_WHAT THE TASK ASKS_
Whenever a line in the data contains "canard", show that line.

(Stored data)
☆ ☆ ☆ ☆ ☆ ☆ ☆
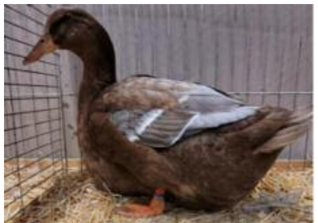
Le canard de Rouen anglais, exposé à Erfurt (Allemagne)

• À l'exposition d'Erfurt (Allemagne) : un canard de Rouen anglais « penchait en avant ». Position très limite. Rappel : selon le standard, le ventre ne doit pas toucher le sol.
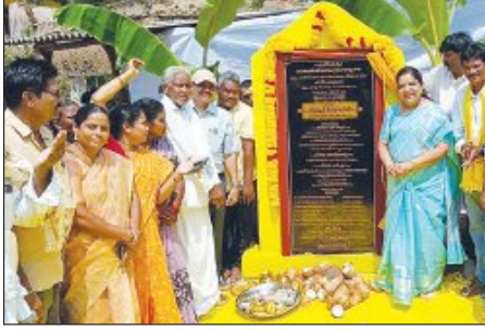
ଓଡ଼ିଶାର ଗଣମାଧ୍ୟମ ପ୍ରତିନିଧିଙ୍କୁ ପ୍ରଦେଶକୁ ନେଇ ଖସା
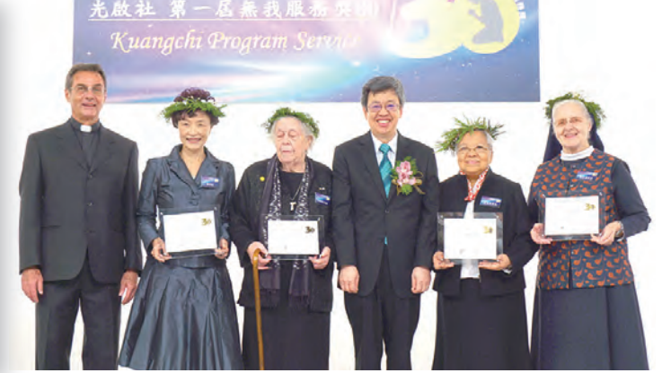
▲社福類得獎者左起：丁松筠神父、博愛基金會鄭榮顯董事長、聖安娜之家柯德蘭修女、頒獎人陳建仁副總統、安德蘭修女及羅麥瑞修女代表領獎。
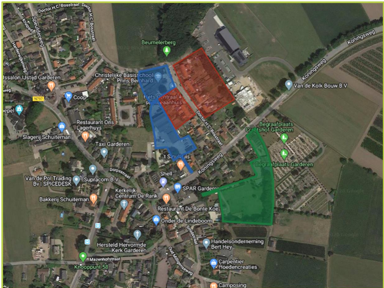
Afbeelding 1: Onderzoeklocaties van QuickScan Garderen Rood = Woningstichting Barneveld Blauw = Van de Kolk Ontwikkeling BV Groen = Van de Kolk Ontwikkeling BV

Het plangebied ligt in de noordoosthoek van de bebouwde kom Garderen en omvat o.a. een groot deel van de Doctor H.C. Bosstraat en tuincentrum Kloezevan aan de Koningsweg 28.
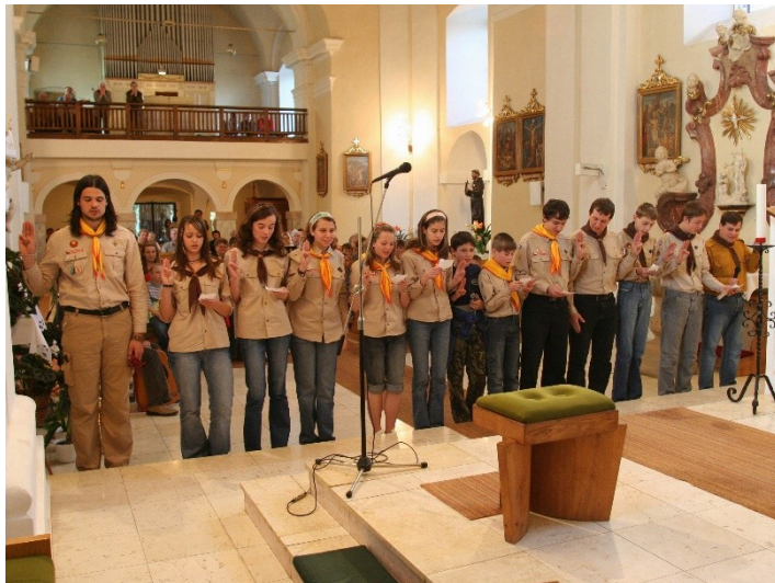
Obr. 4: Obnova skautských slibů při mši svaté, 2007
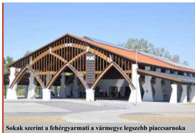
Sokak szerint a fehérgyarmati a vármegye legszebb piaccsarnoka

Jó néhány elnyert pályázatunk van a TOP Plusz keretében, de megvalósítás alatt van a zöld város közterületfejlesztési program is,
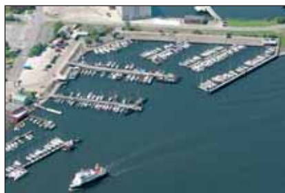
Sporthafen Wellingdorf Tel.: (0431) 26 04 84 - 28
☆ ☆ ☆ ☆ ☆ ☆ ☆
_FINAL ANSWER_
Le canard de Rouen anglais, exposé à Erfurt (Allemagne)
• À l'exposition d'Erfurt (Allemagne) : un canard de Rouen anglais « penchait en avant ». Position très limite. Rappel : selon le standard, le ventre ne doit pas toucher le sol.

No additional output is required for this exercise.